As the title of this post might imply, I am a huge Harry Potter fan. There was an exhibition of costumes and props from the movie in Times Square, so I obviously went. And it was all kinds of fantastic! They had costumes from all of the movies so far, and recreations of the sets-- the Gryffindor dorms, Hagrid's hut, etc. It was so cool to see the costumes up close--and fascinating to see how they have changed throughout the films (the Quidditch stuff has changed a ton!). They also had the life-size models for a ton of the characters/animals that are mostly CGI--including a dragon, Kreacher, Dobby, and a thestral...so cool! The props were also really awesome--most of the character's wands, textbooks, Ron's Chudley Cannons fanboy stuff, the Horcruxes (!!!), Fred and George's Skiving Snackboxes (!!!!), and the Time Turner (!!!!!!!!!!!) It's hard to pick a favorite part, but I can narrow it down to two sections--the recreation from Harry Potter and the Prisoner of Azkaban (which is definitely my favorite movie of the series) of this scene outside Hagrid's hut, complete with Harry, Ron, Hermione, and the executioner's costumes and a very large Buckbeak:



and the "Great Hall" set up for the Yule Ball. The Yule Ball costumes were fantastic (Hermione's dress? Gorgeous!), but the best part was the detail that went into some of the props that were never really even seen on camera--copies of the Daily Prophet have actual articles written, and there were really detailed Ministry of Magic reports on the "unfavorable Muggle sentiments" of some characters. Wicked cool.


On a less dorky note, I finally managed to find a pair of black, closed-toe, espadrille wedges that were not approximately 8 feet tall--after going to no less than 7 H & Ms to find them in my size (er...a size smaller than they're supposed to be. It's easier to stretch things than shrink them, right?). Less dorky sure, but still ridiculous. Oh well.

Sunday, May 22, 2011

My Running Feet Can Fly

Ugh, less than a week in and I've already broken my promise to post every day...three times? Four? Regardless, awful of me.
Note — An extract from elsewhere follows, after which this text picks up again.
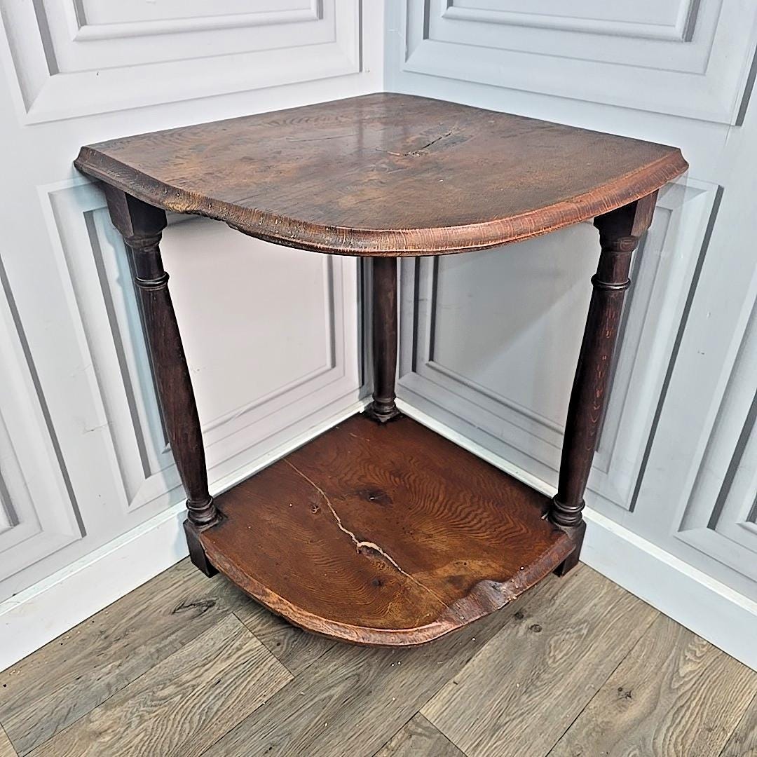 Antique Rustic Oak Corner Table Occasional Plant Stand - Solid Wood A charming antique oak corner ta...

Lots of unpacking was done, hair was cut, frozen yogurt was eaten.

Saturday was actually quite busy. I went to a festival down by the harbor, organized by a local company called Atlantic Salt (which is misleadingly nice/fancy name because they really supply salt to be put on the roads in the winter) which was a lot of fun. I guess it was geared toward families/younger kids (the arts and crafts tipped me off for that one) but there was also a Coast Guard ship, complete with sailors to give tours. So, fun for everyone. (Not quite Fleet Week, but I'm not one to complain.) Then I had to leave to "rescue" my aunt from a bridal shower she did not want to be at, which was fun albeit a little ridiculous.

Sunday was lovely by virtue of the fact that it included a trip to Ikea. I don't think I've ever really expressed my love for Swedish homegoods adequately, but here we are: I. Love. Ikea. You know, there's that scene in (500) Days of Summer where Summer and Tom just frolick through the showroom (let's be honest, Ikea does lend itself to frolicking)? Adorable! And all of those really small flats they have set up ("275 sq feet?! Impossible! No one can live here; it simply can't be done!") are semi-miraculous and completely adorable. Plus, finally having a legitimate reason to buy plates and tablecloths and throw pillows? Wonderful.

Alright, I suppose that's about all for now. Next up: lunch with my godmother, shopping and cocktails with my tres chic cousin, and tracking down my prodigal best friend, recently returned from abroad. Should be interesting.

Just for continuity's sake, here is a song that's been on repeat lately:

Florence + the Machine-- "Between Two Lungs"
(the best comment on the video? "This makes me want to run through the forest in a floaty dress" ...I have to say, I concur.)